## WHAT TO WORK ON:
Without the images, write out the whole listing exactly.
___ DATA EXCERPT ___
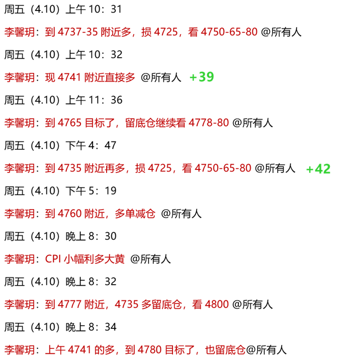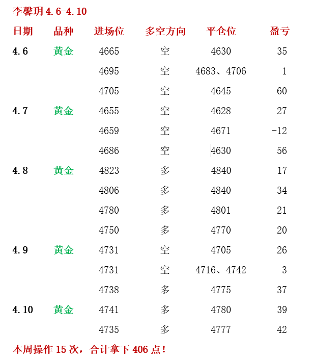 4.10 周五,黄金早间策略4736-35低多,完全符合预期上涨!实盘中,白盘下探先安排了4741多单,欧盘二次下探后,到4735继续做多,持有至美盘CPI公布后,到达4777-80止盈出局,整体斩获81点!恭喜关注的朋友,本周策略完美把握,全网见证,往前翻随便查验,跟上的都有不菲收获了!本周15单只错1单,提前祝大家周末愉快!盘尾还想操作的就参考上一篇分析!
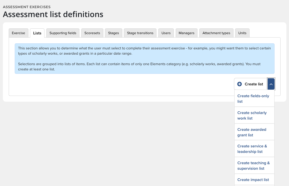 This section allows you to determine what the user must select to complete their assessment exercise. For example, you might want them to select certain types of publications, or grants in a particular date range. Selections are grouped into lists of items. Each list can contain items of only one Elements category (e.g. publications, grants). You must create at least one list.
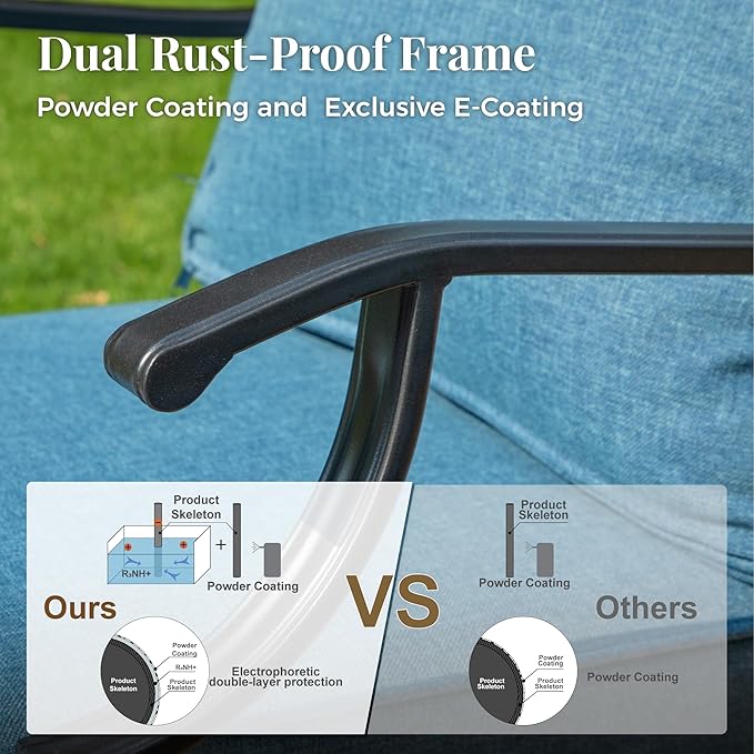 • 【RELIABLE ALL-WEATHER METAL CONSTRUCTION】Built from durable metal with E-COATING and POWDER-COATING finish, ensuring resistance to all weather conditions, rust-proof qualities, and easy maintenance. The sturdy wrought iron frame can withstand various weather conditions, with the single chairs supporting up to 350 lbs and the 3-seater sofa accommodating up to 900 lbs, promising long-lasting reliability and durability
___
## YOUR SOLUTION:
 4.10 周五,黄金早间策略4736-35低多,完全符合预期上涨!实盘中,白盘下探先安排了4741多单,欧盘二次下探后,到4735继续做多,持有至美盘CPI公布后,到达4777-80止盈出局,整体斩获81点!恭喜关注的朋友,本周策略完美把握,全网见证,往前翻随便查验,跟上的都有不菲收获了!本周15单只错1单,提前祝大家周末愉快!盘尾还想操作的就参考上一篇分析!
 This section allows you to determine what the user must select to complete their assessment exercise. For example, you might want them to select certain types of publications, or grants in a particular date range. Selections are grouped into lists of items. Each list can contain items of only one Elements category (e.g. publications, grants). You must create at least one list.
 • 【RELIABLE ALL-WEATHER METAL CONSTRUCTION】Built from durable metal with E-COATING and POWDER-COATING finish, ensuring resistance to all weather conditions, rust-proof qualities, and easy maintenance. The sturdy wrought iron frame can withstand various weather conditions, with the single chairs supporting up to 350 lbs and the 3-seater sofa accommodating up to 900 lbs, promising long-lasting reliability and durability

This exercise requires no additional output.